There are no Board changes to the Company as a part of, or in connection with, the Transaction.

Rationale for the Sale of the Dots Business

Background

During 2017, the Board considered:

  • the plateauing performance of the Dots Business (which has since continued)

  • its belief that the Dots Business retains significant growth potential with the right strategy, investment and aligned capabilities

  • that DDT is resource constrained and therefore unlikely to be able to optimise this growth potential on its own, and

  • the potential of the Trace Business with and without access to growth capital.

The Board determined that the value of the Dots Business may be greater in the hands of a third party than in the hands of the Company and that, in the long term, the potential of the Trace Business with access to growth capital was significantly more attractive than the Company deploying that capital in the Dots Business.

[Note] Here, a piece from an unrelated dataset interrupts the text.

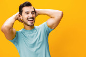 Zdjęcie "fryzjer człowiek styl życia szczotka tło szczotka czesanie czesanie zbliżenie tło broda pielęgnacja grzebień utrata gospodarstwa włosy żółty przystojny uśmiechnięty piękno twarz włosy studio portret patrząc fryzurę" może być wykorzystywane do celów osobistych i komercyjnych zgodnie z warunkami zakupionej licencji Royalty-free. Obraz jest dostępny do pobrania w jakości wysokiej rozdzielczości do 5760x3840.
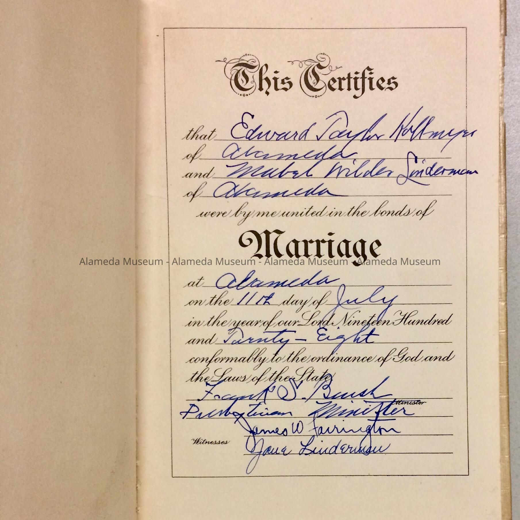 HISTORY OF OBJECT: A WEDDING BOOK OF EDWARD TAYLOR KOLLMYER AND MABEL WILDER. MARRIAGE WAS PERFORMED ON JULY 11, 1928. FRANK S BRUSH, PRESBYTERIAN MINISTER, PRESIDED.

The Board therefore decided to test the market to see if a buyer could be found for the Dots Business on terms that would make divestment of the Dots Business a positive for the Company overall (including because it could be used to generate growth capital for the Trace Business).

Testing the market

An advisor was retained to assist with this process. While the process needed to be selective, to avoid any risk to the Company’s existing relationships, over 40 targets were approached from a range of industries, including: Anti-theft, Authentication, Auto (parts and dealer groups), and Packaging and Labelling. These companies ranged from multi-$bn multinationals to founder led specialist firms.

As a result, the Company entered into discussions with a number of interested parties, including one party that approached the Company separately to the formal process.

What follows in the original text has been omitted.